ART-Rx: A Proportional-Integral-Derivative (PID) Controlled Adaptive Real-Time Threshold Receiver for Molecular Communication

TL;DR

This paper presents ART-Rx, an adaptive PID-controlled threshold receiver for molecular communication that dynamically adjusts detection thresholds in real time, significantly reducing error rates in noisy, variable environments.

Contribution

Introduction of a novel PID-controlled adaptive threshold receiver for molecular communication, improving detection accuracy and robustness in dynamic microfluidic channels.

Findings

ART-Rx outperforms conventional detection methods in simulations.

Maintains low BER under high noise and interference.

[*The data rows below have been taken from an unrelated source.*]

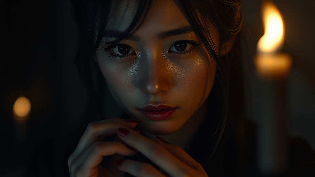 A haunting portrait of a young Asian woman captured in a moment of profound loss and despair. Her eyes, filled with a deep sorrow, tell a silent story of what she once had. The intricate details of her pain are evident as a single tear mingles with blood that gently traces a path down her cheek. The atmosphere is enveloped in muted tones and deep shadows, creating a somber setting that reflects her internal turmoil. Her delicate hands clutch a small, worn keepsake, a tangible reminder of her past life. The scene is illuminated by flickering candlelight, casting an ethereal glow and highlighting the rich textures of her traditional attire, which contrasts with the modern world from which she feels isolated. This 4K visual masterpiece delves into the horror and resilience of a young woman grappling with the weight of starting anew.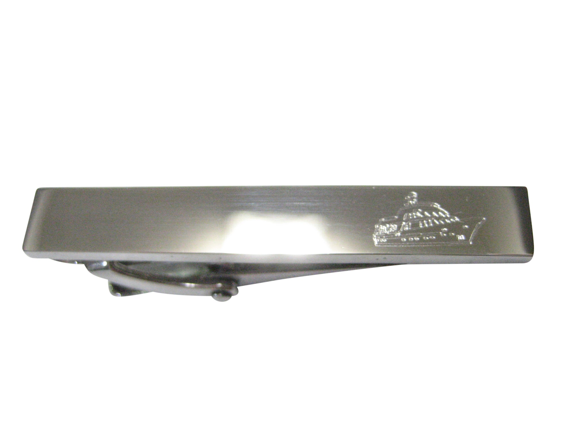 Silver Toned Etched Sleek Boat Skinny Tie Clip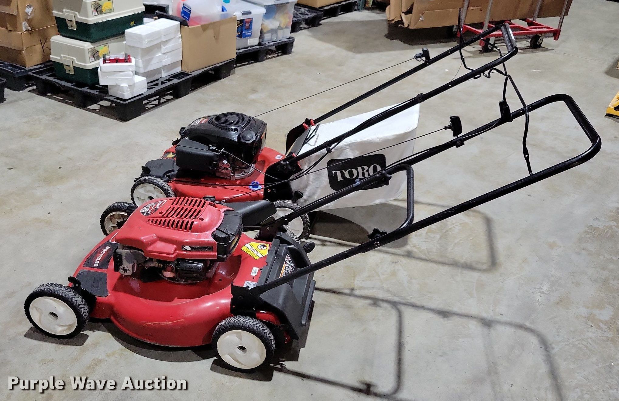 Purple Wave is selling a used Lawn and Garden in Iowa. This item is a Toro lawn equipment with the following: (2) lawn mowers, Toro 149 cc single cylinder gas engine, Width: 22", Possible carburetor issue, Bagger, Leaf blower, Unknown operating condition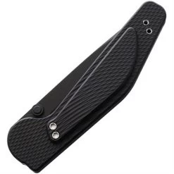 - 3.5″ (8.89cm) black coated ATS-34 stainless drop point blade

Demonstrates robustness across various channel conditions.

Abstract

Molecular communication (MC) in microfluidic channels faces significant challenges in signal detection due to the stochastic nature of molecule propagation and dynamic, noisy environments. Conventional detection methods often struggle under varying channel conditions, leading to high bit error rates (BER) and reduced communication efficiency. This paper introduces ART-Rx, a novel Adaptive Real-Time Threshold Receiver for MC that addresses these challenges. Implemented within a conceptual system-on-chip (SoC), ART-Rx employs a Proportional-Integral-Derivative (PID) controller to dynamically adjust the detection threshold based on observed errors in real time. Comprehensive simulations using MATLAB and Smoldyn compare ART-Rx's performance against a statistically optimal detection threshold across various scenarios, including different levels of interference, concentration shift keying (CSK) levels, flow velocities, transmitter-receiver distances, diffusion coefficients, and binding rates. The results demonstrate that ART-Rx significantly outperforms conventional methods, maintaining consistently low BER and bit error probabilities (BEP) even in high-noise conditions and extreme channel environments. The system exhibits exceptional robustness to interference and shows the potential to enable higher data rates in CSK modulation. Furthermore, because ART-Rx is effectively adaptable to varying environmental conditions in microfluidic channels, it offers a computationally efficient and straightforward approach to enhance signal detection in nanoscale communication systems. This approach presents a promising control theory-based solution to improve the reliability of data transmission in practical MC systems, with potential applications in healthcare, brain-machine interfaces (BMI), and the Internet of Bio-Nano Things (IoBNT).